What is needed is an exact copy of the whole listing below, with no pictures.

Task material:
————————

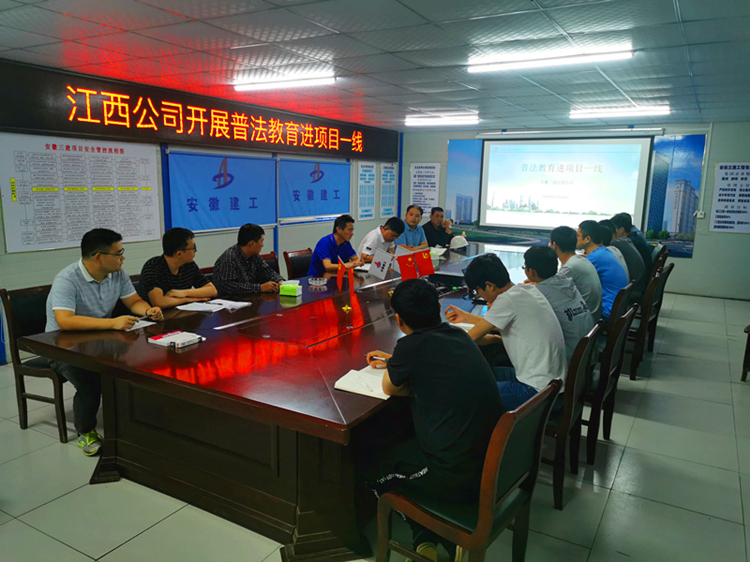為進一步提高全體職工的法律意識和疫情防控意識,為分公司做好疫情防控常態化工作和生產經營工作提供強有力的法律保障,6月19日下午,江西公司黨支部書記龔英全利用陰雨天,在鳳凰新天二期項目部會議室為項目近20名職工講授一堂普法教育課。
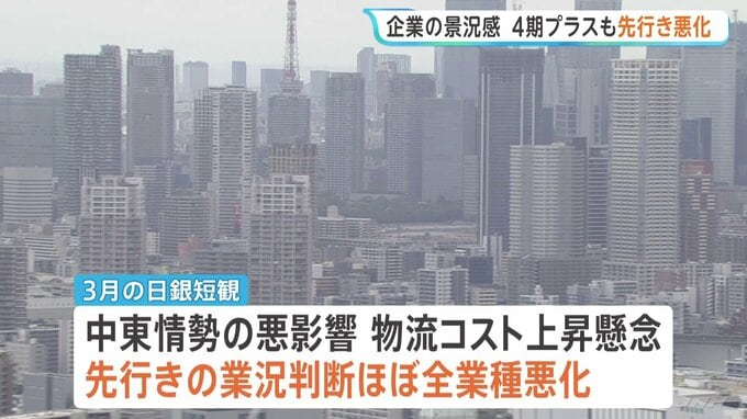 原油価格の上昇などは企業の景況感にも影響しています。日銀による企業調査「日銀短観」では、先行きの見通しが悪化しました。日銀が企業の景況感を調べた3月の「短観」で、現状が「良い」と答えた企業の割合から…
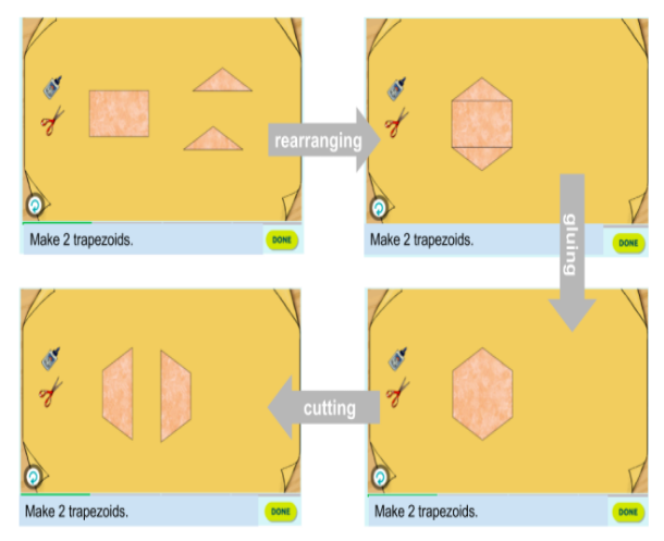 Ví dụ, khi học về các hình như hình vuông, hình chữ nhật, hình thang… Học sinh dùng kéo và keo dán để cắt, dán các hình thành hình được yêu cầu. Quá trình thực hành, thử và sai này không những khiến học sinh hứng thú mà còn giúp cho việc hiểu và nhớ lâu các khái niệm.
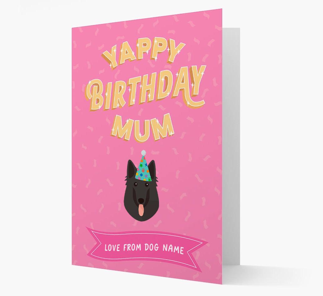 Yappy Birthday Mum: Personalised Belgian Shepherd Card
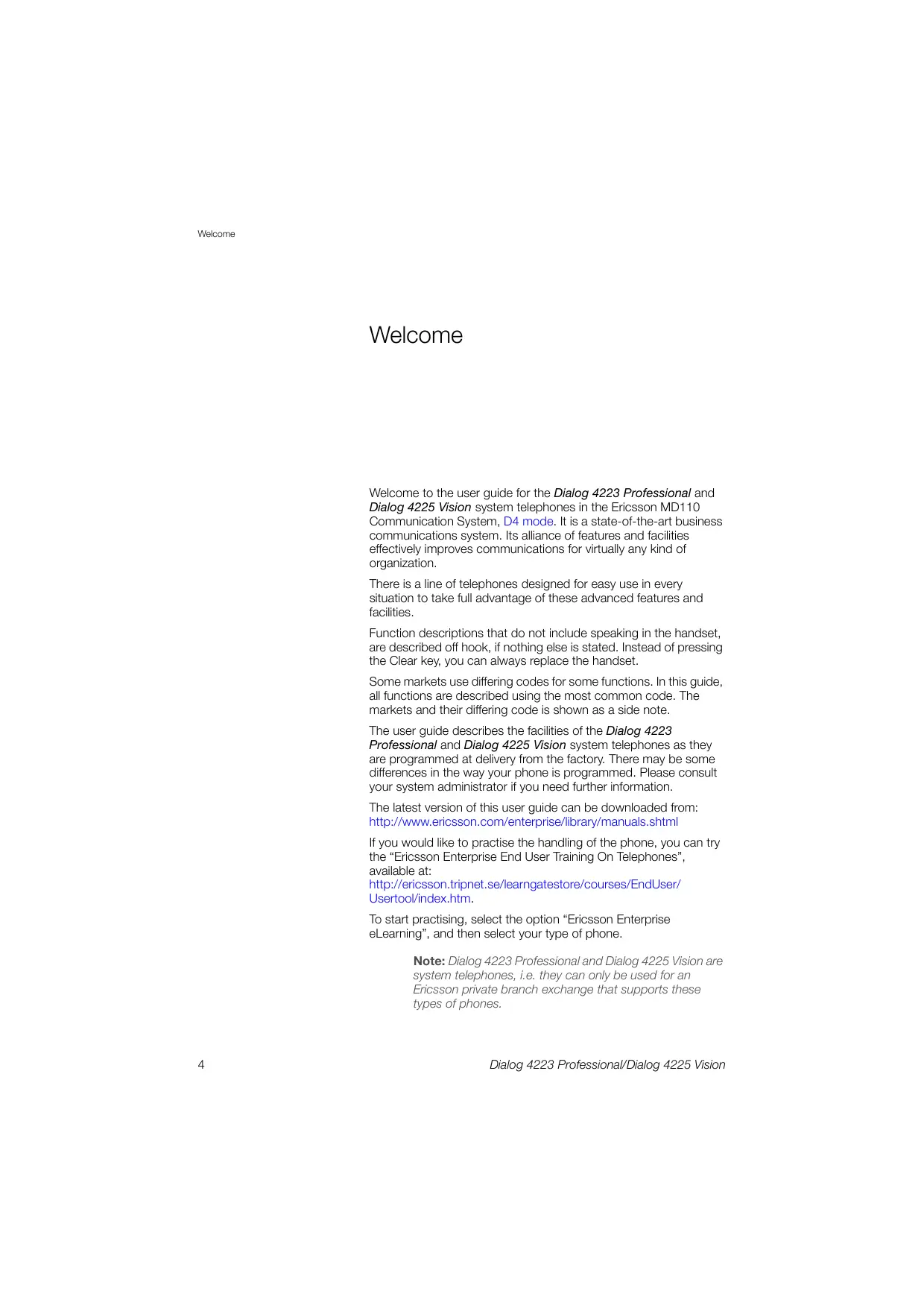 Note: Dialog 4223 Professional and Dialog 4225 Vision are system telephones, i.e. they can only be used for an Ericsson private branch exchange that supports these types of phones.
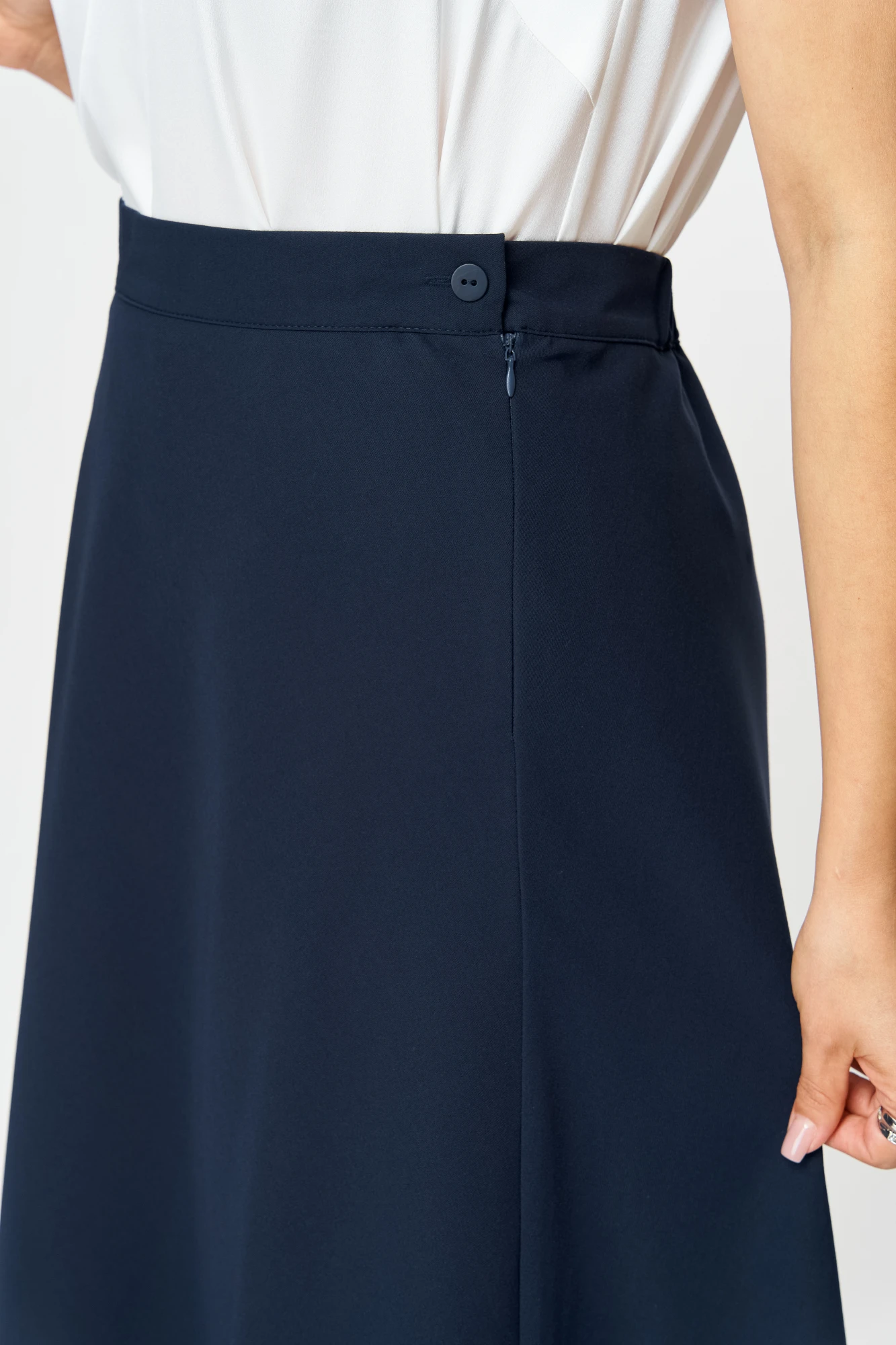 Юбка А-силуэта, длиной ниже колена.В левом боковом шве обработана застежка на потайную молнию. Юбка на притачном поясе с эластичной тесьмой по задней части пояса и застежкой на петлю и пуговицу по левому боковому шву.
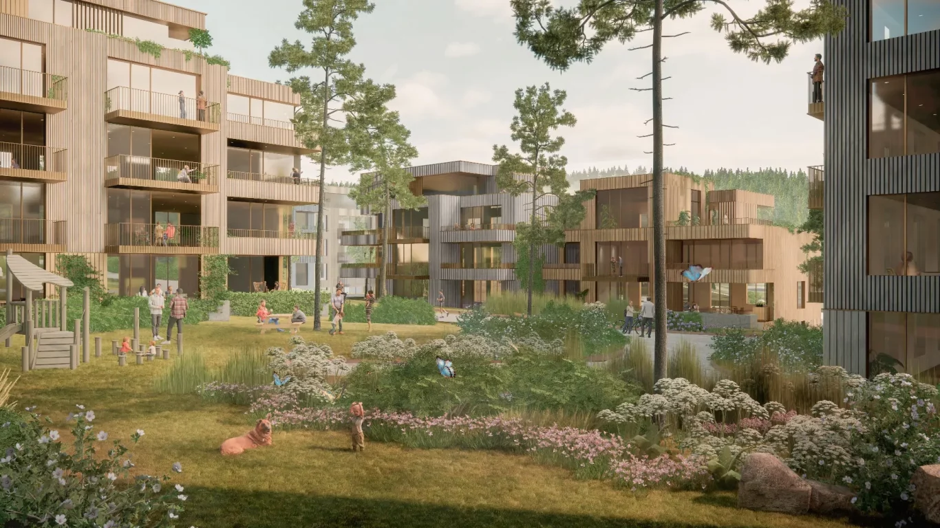 Prosjektet vil i stor grad preges av større enheter og rause grøntarealer. En andel rekkehus vil i tillegg gi en god overgang til småhusområdet og nabobebyggelsen.
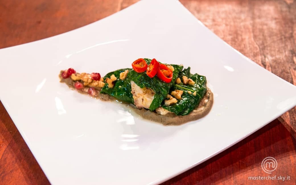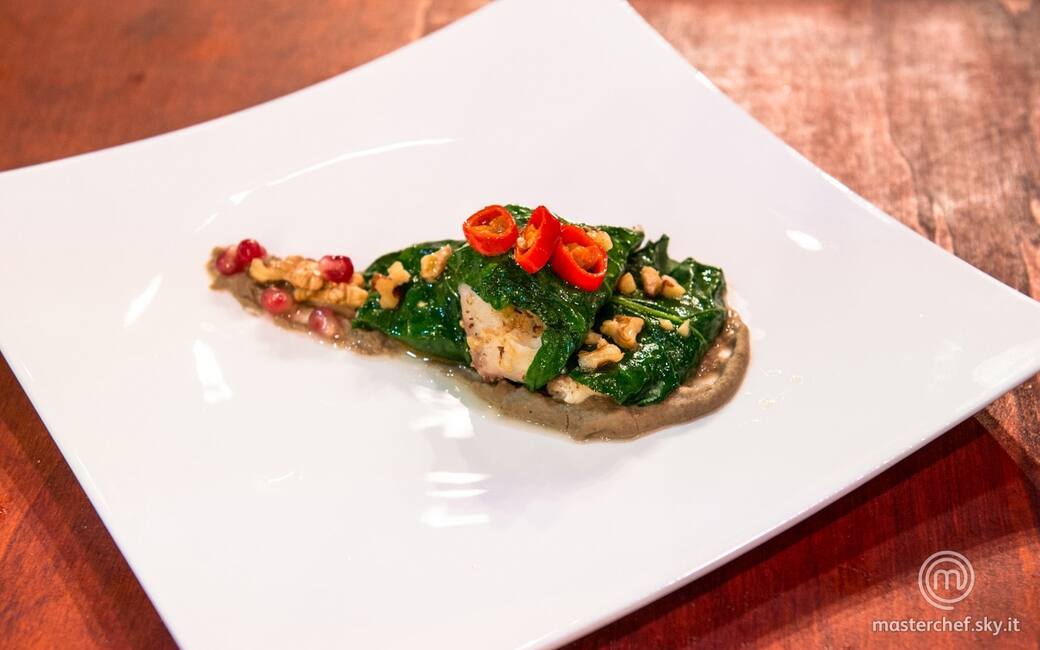 Avvolgere i filetti di orata nelle foglie di bietola e impiattare, posizionando prima un letto di crema di lenticchie e poi gli involtini. Guarnire con noci tritate, chicchi di melagrana e qualche rondella di peperoncino.
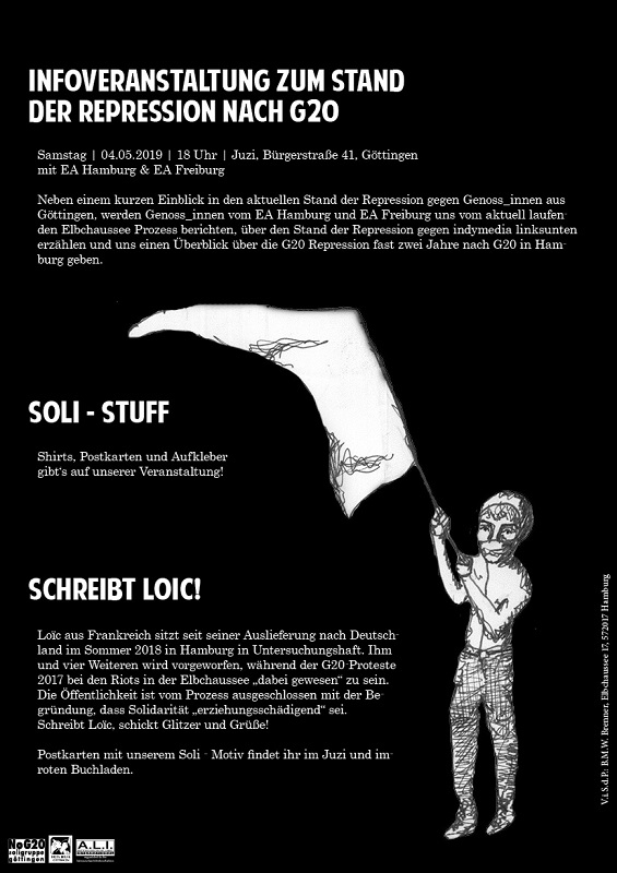 Drei Jahre nach dem G20-Gipfel in Hamburg sollen am 10. Juli 2020 die Urteile im Elbchaussee-Prozess fallen. Nachdem über 18 Monate unter Ausschluss der Öffentlichkeit gegen fünf Genossen verhandelt wurde, wird der Prozess mit einer Erklärung von Loic und den Plädoyers von Staatsanwaltschaft und Anwält*innen ab dem 17.6. wieder öffentlich. Die Absurdität des ganzen Schauspiels wird vor dem Hintergrund deutlich, dass vier der fünf Angeklagten keine eigenhändige Straftat vorgeworfen wird. Sie sollen also exemplarisch bestraft werden: als Rache für den verpatzen Gipfel und mit der Hoffnung, andere Aktivist*innen abzuschrecken.
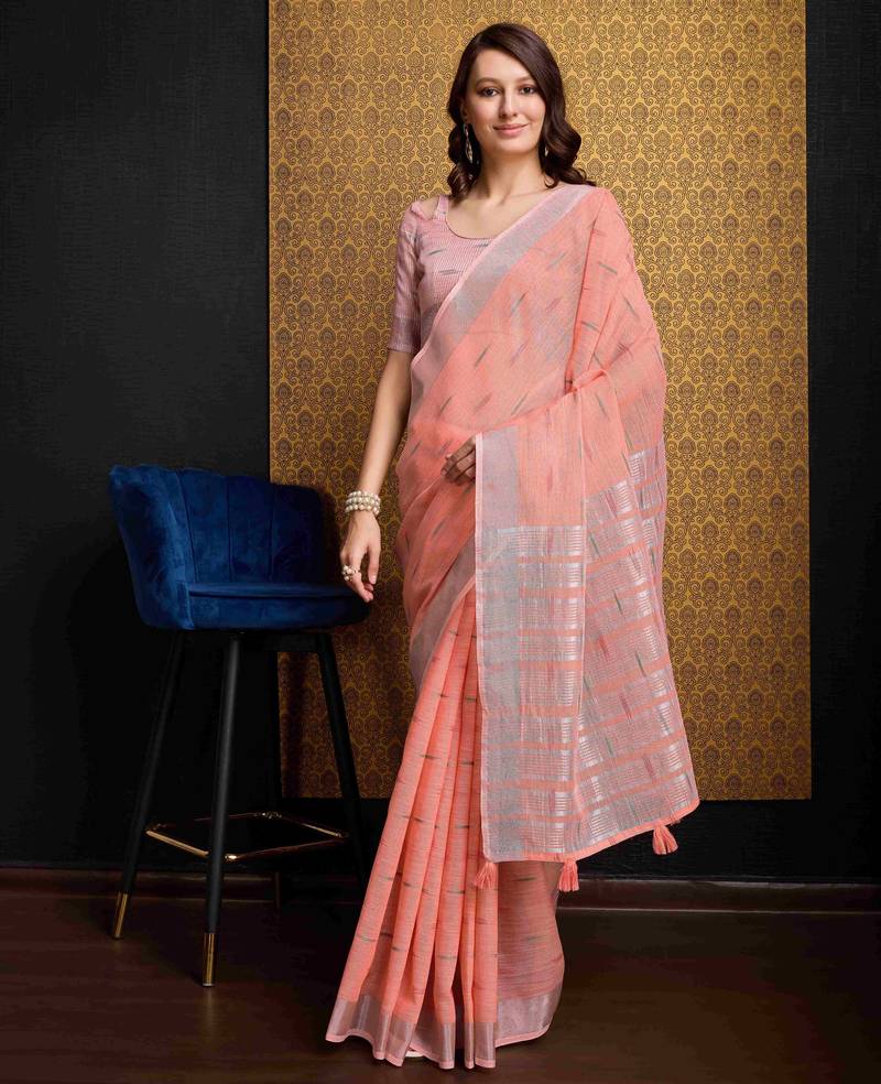 | Product Name | Peach Plain Organza Organza Sarees Saree With Blouse | |
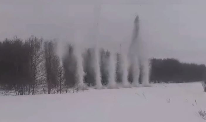 На кадрах ролика видно, как заложенные заряды в линию в момент подрываются и куски льда вместе с водой подлетают на несколько метров вверх.
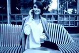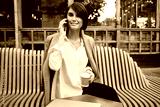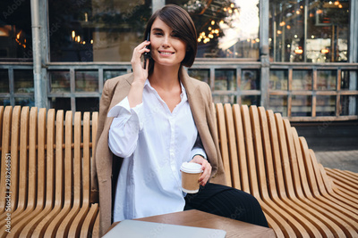 Young pretty businesswoman with laptop happily talking on cellphone during coffee break in cafe on street
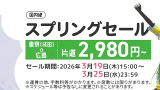 旅行【2026年3月】SPRING JAPAN 国内線スプリングセール攻略|成田-広島が片道2,980円、3月25日23時59分まで
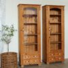 Fronty witrynek zdobią eleganckie przeszklenia, które pięknie eksponują zawartość – porcelanę, szkło, książki czy pamiątki rodzinne. W dolnej części znajdują się praktyczne szuflady z białymi, porcelanowymi uchwytami, które dodają meblom lekkości i subtelnego uroku. Każdy detal, od wyprofilowanego wieńca po toczone nóżki, został starannie dopracowany, co nadaje witrynkom niepowtarzalny charakter i wyjątkowy styl.
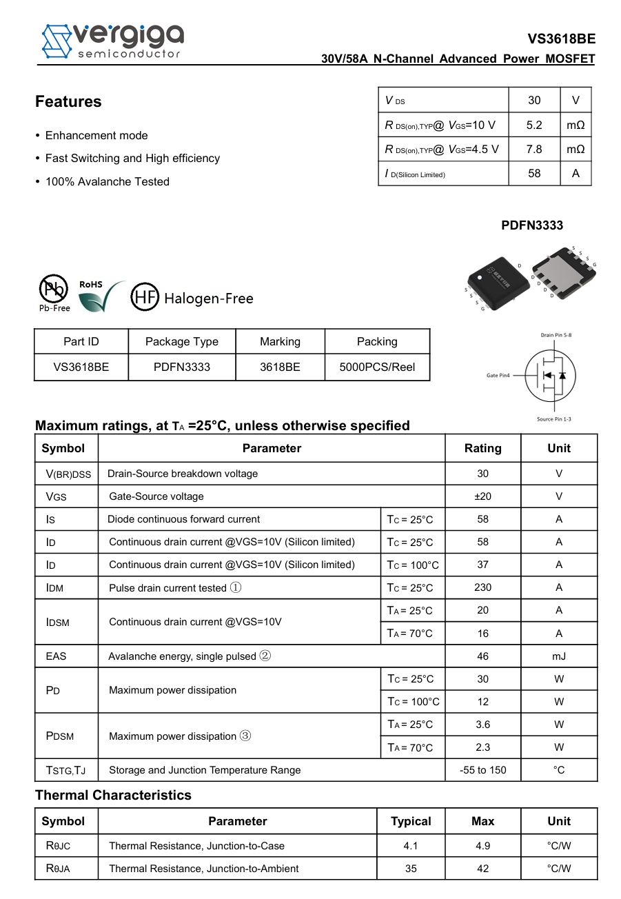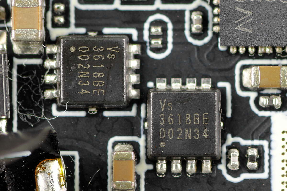 VBUS开关管来自威兆半导体,型号VS3618BE,NMOS,耐压30V,导阻5.2mΩ,采用PDFN3333封装。

————————

Answer space:
為進一步提高全體職工的法律意識和疫情防控意識,為分公司做好疫情防控常態化工作和生產經營工作提供強有力的法律保障,6月19日下午,江西公司黨支部書記龔英全利用陰雨天,在鳳凰新天二期項目部會議室為項目近20名職工講授一堂普法教育課。
 原油価格の上昇などは企業の景況感にも影響しています。日銀による企業調査「日銀短観」では、先行きの見通しが悪化しました。日銀が企業の景況感を調べた3月の「短観」で、現状が「良い」と答えた企業の割合から…
 Ví dụ, khi học về các hình như hình vuông, hình chữ nhật, hình thang… Học sinh dùng kéo và keo dán để cắt, dán các hình thành hình được yêu cầu. Quá trình thực hành, thử và sai này không những khiến học sinh hứng thú mà còn giúp cho việc hiểu và nhớ lâu các khái niệm.
 Yappy Birthday Mum: Personalised Belgian Shepherd Card
 Note: Dialog 4223 Professional and Dialog 4225 Vision are system telephones, i.e. they can only be used for an Ericsson private branch exchange that supports these types of phones.
 Юбка А-силуэта, длиной ниже колена.В левом боковом шве обработана застежка на потайную молнию. Юбка на притачном поясе с эластичной тесьмой по задней части пояса и застежкой на петлю и пуговицу по левому боковому шву.
 Prosjektet vil i stor grad preges av større enheter og rause grøntarealer. En andel rekkehus vil i tillegg gi en god overgang til småhusområdet og nabobebyggelsen.
 Avvolgere i filetti di orata nelle foglie di bietola e impiattare, posizionando prima un letto di crema di lenticchie e poi gli involtini. Guarnire con noci tritate, chicchi di melagrana e qualche rondella di peperoncino.
 Drei Jahre nach dem G20-Gipfel in Hamburg sollen am 10. Juli 2020 die Urteile im Elbchaussee-Prozess fallen. Nachdem über 18 Monate unter Ausschluss der Öffentlichkeit gegen fünf Genossen verhandelt wurde, wird der Prozess mit einer Erklärung von Loic und den Plädoyers von Staatsanwaltschaft und Anwält*innen ab dem 17.6. wieder öffentlich. Die Absurdität des ganzen Schauspiels wird vor dem Hintergrund deutlich, dass vier der fünf Angeklagten keine eigenhändige Straftat vorgeworfen wird. Sie sollen also exemplarisch bestraft werden: als Rache für den verpatzen Gipfel und mit der Hoffnung, andere Aktivist*innen abzuschrecken.
 | Product Name | Peach Plain Organza Organza Sarees Saree With Blouse | |
 На кадрах ролика видно, как заложенные заряды в линию в момент подрываются и куски льда вместе с водой подлетают на несколько метров вверх.
 Young pretty businesswoman with laptop happily talking on cellphone during coffee break in cafe on street
 旅行【2026年3月】SPRING JAPAN 国内線スプリングセール攻略|成田-広島が片道2,980円、3月25日23時59分まで
 Fronty witrynek zdobią eleganckie przeszklenia, które pięknie eksponują zawartość – porcelanę, szkło, książki czy pamiątki rodzinne. W dolnej części znajdują się praktyczne szuflady z białymi, porcelanowymi uchwytami, które dodają meblom lekkości i subtelnego uroku. Każdy detal, od wyprofilowanego wieńca po toczone nóżki, został starannie dopracowany, co nadaje witrynkom niepowtarzalny charakter i wyjątkowy styl.
 VBUS开关管来自威兆半导体,型号VS3618BE,NMOS,耐压30V,导阻5.2mΩ,采用PDFN3333封装。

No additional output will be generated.